Pairs of residues that show high MI values are often postulated to coevolve and, in the vast majority of cases, they are assumed to be close in space. While the assumption of spatial proximity of coevolving residue pairs is appealing, it is apparent that residues that coevolve are not necessarily close in contact or, conversely, residues close in contact are not necessarily coevolving. One could speculate that residues that are far away in the folded protein structure might have been close in folding intermediates or might share a common outside neighboring molecule, like another protein or ligand. Lockless and Ranganathan (1999) have demonstrated both theoretically and experimentally that statistically coupled residues may be distantly positioned in the structure, and there are many examples of allosterically interacting residues (Shi et al., 2006).
We illustrated on one particular protein family (thioredoxins), a practical use of the proposed method to gain better understanding the role of coevolution.

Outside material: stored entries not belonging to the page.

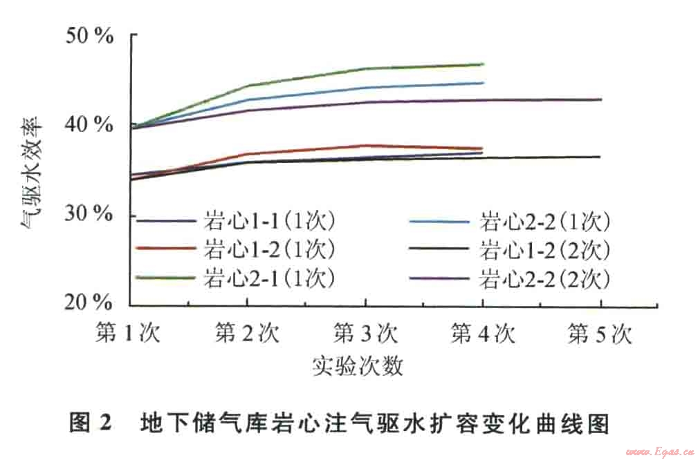 實驗結(jié)果揭示:地下儲氣庫內(nèi)的含水區(qū)可以實現(xiàn)較高的氣體驅(qū)替,4塊巖心的氣驅(qū)試驗壓力降落區(qū)間為地下儲氣庫原始壓力的100%~29%時,第l次氣體驅(qū)替效率可達到34%~40%,第2、3次累加氣驅(qū)效率可達36%~46%;地下儲氣庫實際注采生產(chǎn)過程中隨多周期的注采驅(qū)替,氣驅(qū)水達容效率是逐步增加的過程,或者說若要實現(xiàn)地下儲氣庫較高的氣體驅(qū)替效率,則需要多年的注采周期。
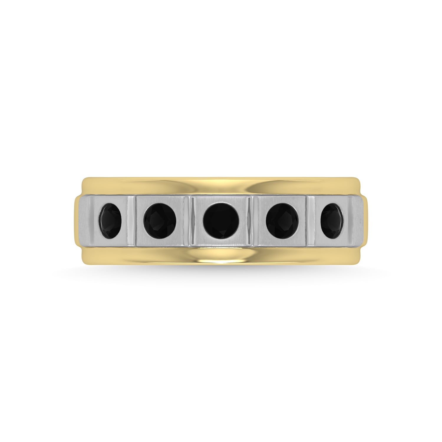 14K Yellow Gold Diamond 1/2 Ct.Tw. With White Rhodium Facet Men?s Machine Band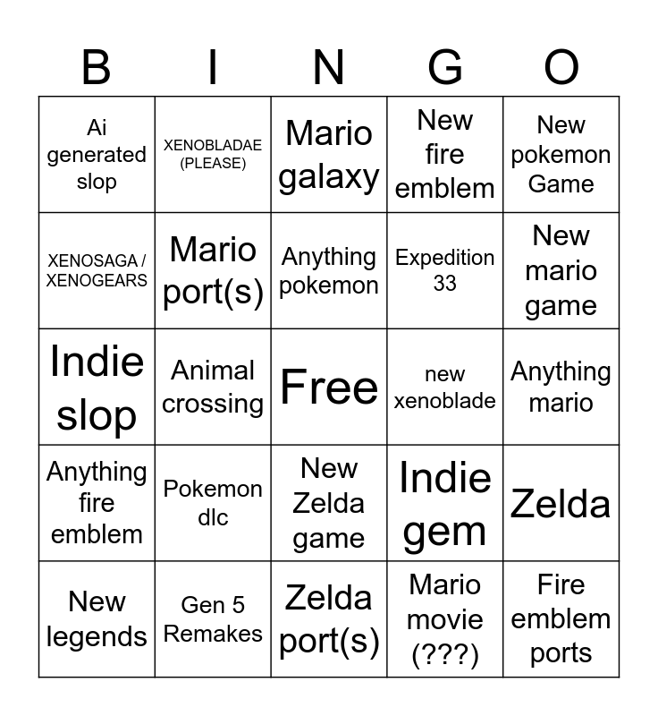 This bingo card has a free space and 24 words: Pokemon dlc, Gen 5 Remakes, Anything pokemon, New legends, New pokemon Game, Ai generated slop, XENOSAGA / XENOGEARS, XENOBLADAE (PLEASE), new xenoblade, New Zelda game, Expedition 33, Indie slop, Indie gem, Zelda, Mario port(s), Mario movie (???), Anything mario, Mario galaxy, New mario game, Animal crossing, Fire emblem ports, Anything fire emblem, New fire emblem and Zelda port(s).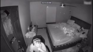 أثناء لعب لعبة فيديو على جهاز الكمبيوتر الخاص به, الأب لديه ردود أفعال للقبض على طفله عندما يراه يسقط من السرير.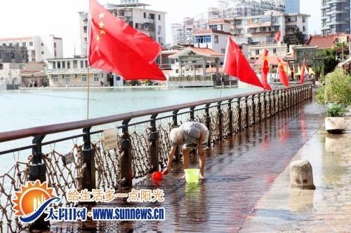 在地勢(shì)較低的沙坡尾,海水一度淹沒了避風(fēng)塢里的木棧道。不過,記者在現(xiàn)場(chǎng)看到,眼看海水就要淹到腳邊了,來這拍婚紗照的新人們?nèi)岳^續(xù)在鏡頭前擺著各種姿勢(shì);本地居民則已見怪不怪,還借著近在咫尺的海水沖洗一下門口的青石路面;外地游客則非常開心,不少人脫了鞋光腳踩進(jìn)木棧道上的海水里,并拍照留念。

Here, the high-scoring MI pairs were found to order into a network or cluster of residues (Byung-Chul et al., 2008; Korber, et al., 1993). This finding might bear general significance for the understanding of protein structure and function.
The proposed method for MI calculation significantly filters the signal from the noise, not only on artificial datasets, but also when applied to biological data.
We acknowledge Anders Gorm Pedersen and Rodrigo Gouveia-Oliveira for fruitful discussion and valuable insights into the problem of relating MI to coevolution and for sharing the set of artificial sequence data with us. We thank S. D. Dunn and coworkers for sharing their dataset with us.
Funding: UBACyT; CONICET; ANPCyT; National Institutes of Health (contract HHSN266200400025C to M.N.).
Conflict of Interest: C.M.B., J.S. and J.M.D. are career researchers of the National Research Council of Argentina (CONICET). The other author has declared none.